___ MATERIALS PROVIDED
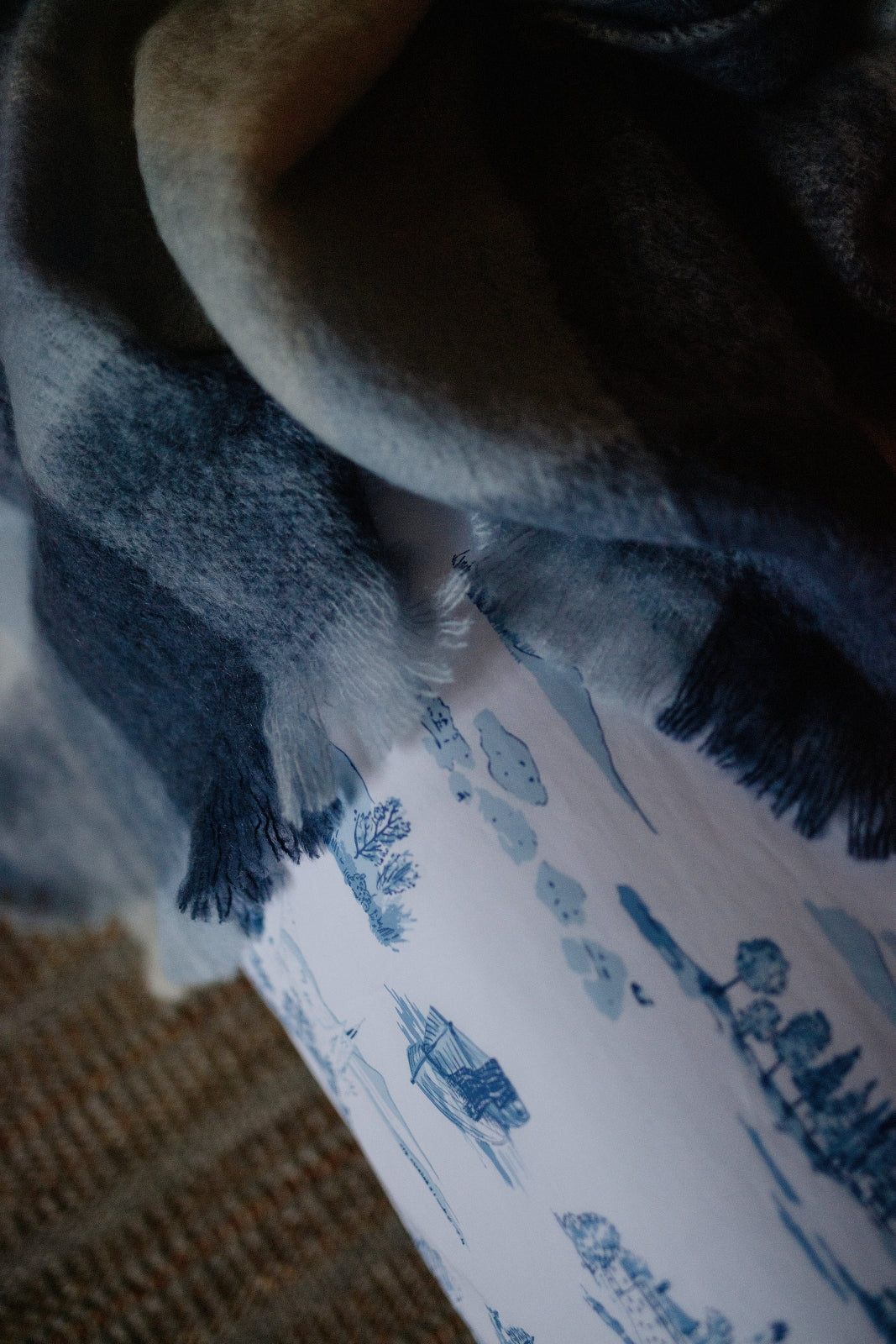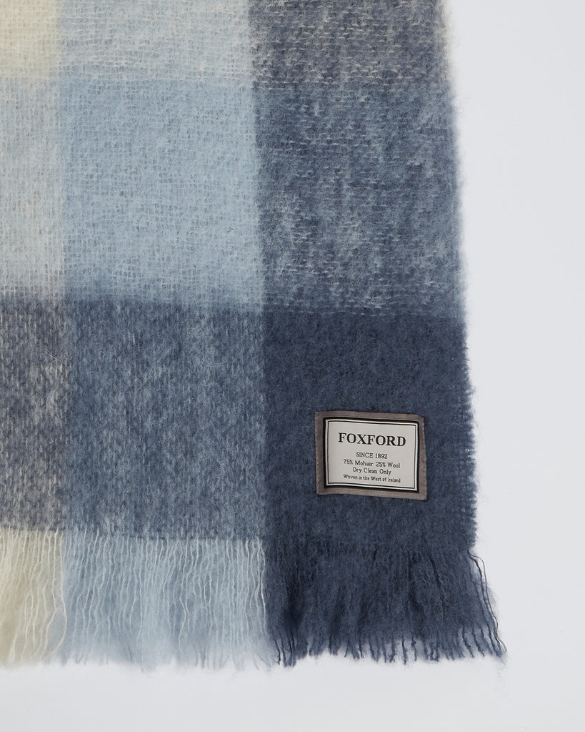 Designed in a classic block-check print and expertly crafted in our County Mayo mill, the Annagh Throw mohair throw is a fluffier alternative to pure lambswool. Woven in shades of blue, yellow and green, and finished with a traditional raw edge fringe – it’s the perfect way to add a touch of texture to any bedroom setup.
______
___ MATERIALS PROVIDED
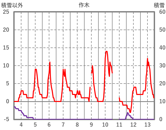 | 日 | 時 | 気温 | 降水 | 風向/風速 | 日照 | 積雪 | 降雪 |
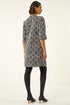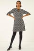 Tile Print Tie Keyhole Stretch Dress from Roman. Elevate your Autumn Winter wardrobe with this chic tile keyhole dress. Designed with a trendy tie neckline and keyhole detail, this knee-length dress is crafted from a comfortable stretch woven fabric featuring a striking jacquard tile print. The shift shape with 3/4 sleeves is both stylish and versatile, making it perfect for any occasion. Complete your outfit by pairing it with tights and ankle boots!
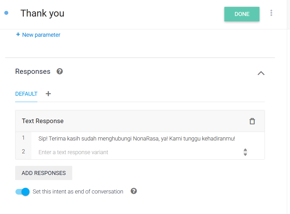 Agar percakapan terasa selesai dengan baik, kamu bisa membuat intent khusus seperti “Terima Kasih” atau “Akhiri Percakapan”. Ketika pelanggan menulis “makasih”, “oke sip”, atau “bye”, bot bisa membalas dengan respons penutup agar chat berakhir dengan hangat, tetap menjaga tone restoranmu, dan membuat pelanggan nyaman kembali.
______
TASK DESCRIPTION:
From the data above, retype only the lines starting with the line with "Tile Print Tie" and going on through the line with "Agar percakapan terasa", exactly, leaving out the pictures.

FINISHED TASK:
 Tile Print Tie Keyhole Stretch Dress from Roman. Elevate your Autumn Winter wardrobe with this chic tile keyhole dress. Designed with a trendy tie neckline and keyhole detail, this knee-length dress is crafted from a comfortable stretch woven fabric featuring a striking jacquard tile print. The shift shape with 3/4 sleeves is both stylish and versatile, making it perfect for any occasion. Complete your outfit by pairing it with tights and ankle boots!
 Agar percakapan terasa selesai dengan baik, kamu bisa membuat intent khusus seperti “Terima Kasih” atau “Akhiri Percakapan”. Ketika pelanggan menulis “makasih”, “oke sip”, atau “bye”, bot bisa membalas dengan respons penutup agar chat berakhir dengan hangat, tetap menjaga tone restoranmu, dan membuat pelanggan nyaman kembali.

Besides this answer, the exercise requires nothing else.